In the entries below, the lines from the one with "③中华姓氏鼎坛:1座三层15" through the one with "Una bailarina gira" are to be copied exactly; both ends count.

**Given records**
⟨
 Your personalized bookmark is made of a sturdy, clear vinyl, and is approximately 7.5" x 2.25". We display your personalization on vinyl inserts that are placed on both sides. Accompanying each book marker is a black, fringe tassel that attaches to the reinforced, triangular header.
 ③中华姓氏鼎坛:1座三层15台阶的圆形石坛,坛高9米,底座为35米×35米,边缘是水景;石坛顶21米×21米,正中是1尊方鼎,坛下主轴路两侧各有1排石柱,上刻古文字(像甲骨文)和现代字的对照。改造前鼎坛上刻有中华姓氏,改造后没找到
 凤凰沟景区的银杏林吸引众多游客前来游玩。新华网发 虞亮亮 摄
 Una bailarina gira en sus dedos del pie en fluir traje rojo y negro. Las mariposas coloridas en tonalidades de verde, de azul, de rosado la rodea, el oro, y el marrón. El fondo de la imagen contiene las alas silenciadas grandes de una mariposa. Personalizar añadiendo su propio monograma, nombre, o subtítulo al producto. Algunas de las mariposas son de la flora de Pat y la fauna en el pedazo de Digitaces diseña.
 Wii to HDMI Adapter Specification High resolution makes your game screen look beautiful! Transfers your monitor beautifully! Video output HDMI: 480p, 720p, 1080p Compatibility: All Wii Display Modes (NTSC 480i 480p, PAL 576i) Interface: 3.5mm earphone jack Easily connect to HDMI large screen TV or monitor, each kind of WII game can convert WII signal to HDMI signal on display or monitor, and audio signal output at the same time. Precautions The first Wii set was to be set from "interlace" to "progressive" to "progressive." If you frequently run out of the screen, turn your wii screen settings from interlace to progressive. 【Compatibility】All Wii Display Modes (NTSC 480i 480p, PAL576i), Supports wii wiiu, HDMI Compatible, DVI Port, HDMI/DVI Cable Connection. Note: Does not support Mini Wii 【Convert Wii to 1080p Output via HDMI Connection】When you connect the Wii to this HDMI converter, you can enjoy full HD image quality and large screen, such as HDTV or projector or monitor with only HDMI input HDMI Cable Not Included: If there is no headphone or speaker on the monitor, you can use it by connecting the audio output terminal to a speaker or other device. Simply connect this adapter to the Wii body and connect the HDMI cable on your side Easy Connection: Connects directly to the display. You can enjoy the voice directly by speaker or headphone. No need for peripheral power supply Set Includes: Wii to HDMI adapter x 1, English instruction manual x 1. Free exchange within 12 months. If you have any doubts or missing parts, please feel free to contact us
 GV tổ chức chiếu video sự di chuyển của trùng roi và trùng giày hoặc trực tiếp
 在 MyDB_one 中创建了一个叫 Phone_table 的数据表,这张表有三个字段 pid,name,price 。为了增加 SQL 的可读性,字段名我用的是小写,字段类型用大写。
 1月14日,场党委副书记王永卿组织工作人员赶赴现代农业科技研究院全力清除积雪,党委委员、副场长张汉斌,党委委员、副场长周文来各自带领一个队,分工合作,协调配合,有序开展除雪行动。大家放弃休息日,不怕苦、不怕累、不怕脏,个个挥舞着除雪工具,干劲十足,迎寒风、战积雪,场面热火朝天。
⟩
⟨
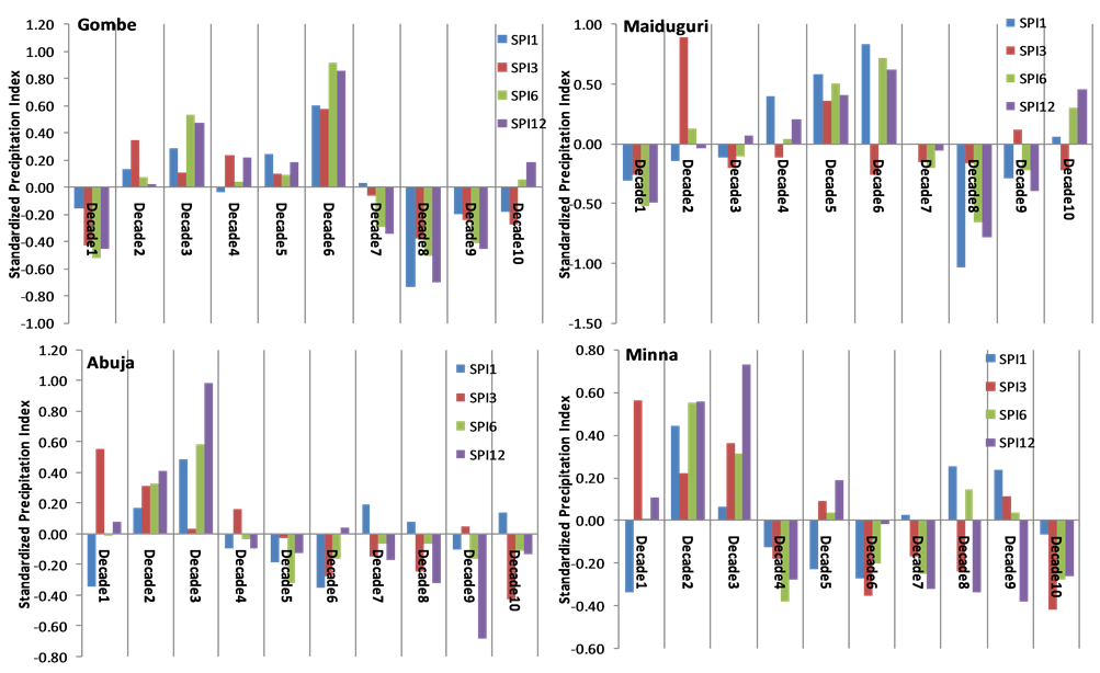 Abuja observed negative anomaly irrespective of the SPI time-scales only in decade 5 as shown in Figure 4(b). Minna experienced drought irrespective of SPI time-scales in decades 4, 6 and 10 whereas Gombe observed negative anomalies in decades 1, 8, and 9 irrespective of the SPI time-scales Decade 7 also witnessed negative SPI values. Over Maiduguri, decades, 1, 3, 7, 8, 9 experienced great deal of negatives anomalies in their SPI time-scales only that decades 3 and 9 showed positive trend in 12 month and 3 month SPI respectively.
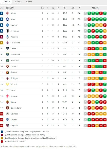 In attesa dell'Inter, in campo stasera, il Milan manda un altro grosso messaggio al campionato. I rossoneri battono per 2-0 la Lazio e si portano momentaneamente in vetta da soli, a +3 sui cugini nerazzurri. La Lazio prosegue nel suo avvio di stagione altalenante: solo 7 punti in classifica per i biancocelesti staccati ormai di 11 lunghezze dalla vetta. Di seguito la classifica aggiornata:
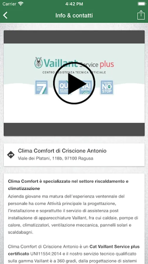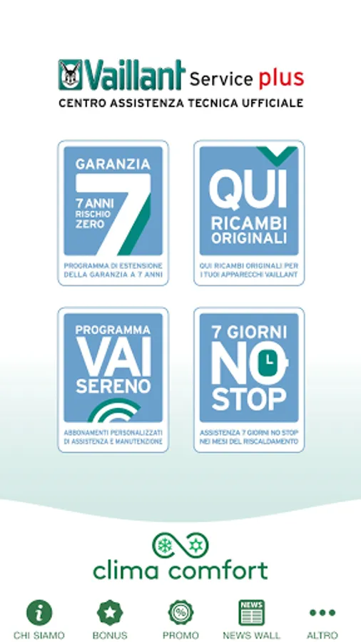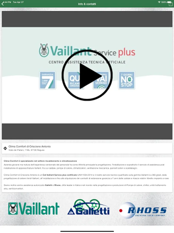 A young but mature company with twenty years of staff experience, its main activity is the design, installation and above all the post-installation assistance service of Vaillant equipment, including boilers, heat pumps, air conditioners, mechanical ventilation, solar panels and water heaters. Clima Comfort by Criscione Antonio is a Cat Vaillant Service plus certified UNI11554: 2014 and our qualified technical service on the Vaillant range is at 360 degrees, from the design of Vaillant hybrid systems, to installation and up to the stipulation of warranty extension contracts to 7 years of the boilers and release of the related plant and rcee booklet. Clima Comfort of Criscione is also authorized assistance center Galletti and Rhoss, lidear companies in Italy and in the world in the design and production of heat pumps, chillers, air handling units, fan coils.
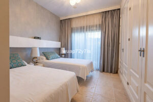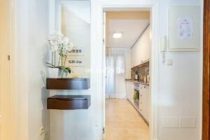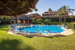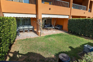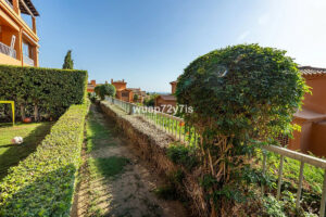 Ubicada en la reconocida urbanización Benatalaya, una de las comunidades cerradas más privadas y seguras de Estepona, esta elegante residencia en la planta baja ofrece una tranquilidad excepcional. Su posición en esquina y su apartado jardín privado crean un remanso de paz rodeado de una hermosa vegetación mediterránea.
⟩
**Response area**
 ③中华姓氏鼎坛:1座三层15台阶的圆形石坛,坛高9米,底座为35米×35米,边缘是水景;石坛顶21米×21米,正中是1尊方鼎,坛下主轴路两侧各有1排石柱,上刻古文字(像甲骨文)和现代字的对照。改造前鼎坛上刻有中华姓氏,改造后没找到
 凤凰沟景区的银杏林吸引众多游客前来游玩。新华网发 虞亮亮 摄
 Una bailarina gira en sus dedos del pie en fluir traje rojo y negro. Las mariposas coloridas en tonalidades de verde, de azul, de rosado la rodea, el oro, y el marrón. El fondo de la imagen contiene las alas silenciadas grandes de una mariposa. Personalizar añadiendo su propio monograma, nombre, o subtítulo al producto. Algunas de las mariposas son de la flora de Pat y la fauna en el pedazo de Digitaces diseña.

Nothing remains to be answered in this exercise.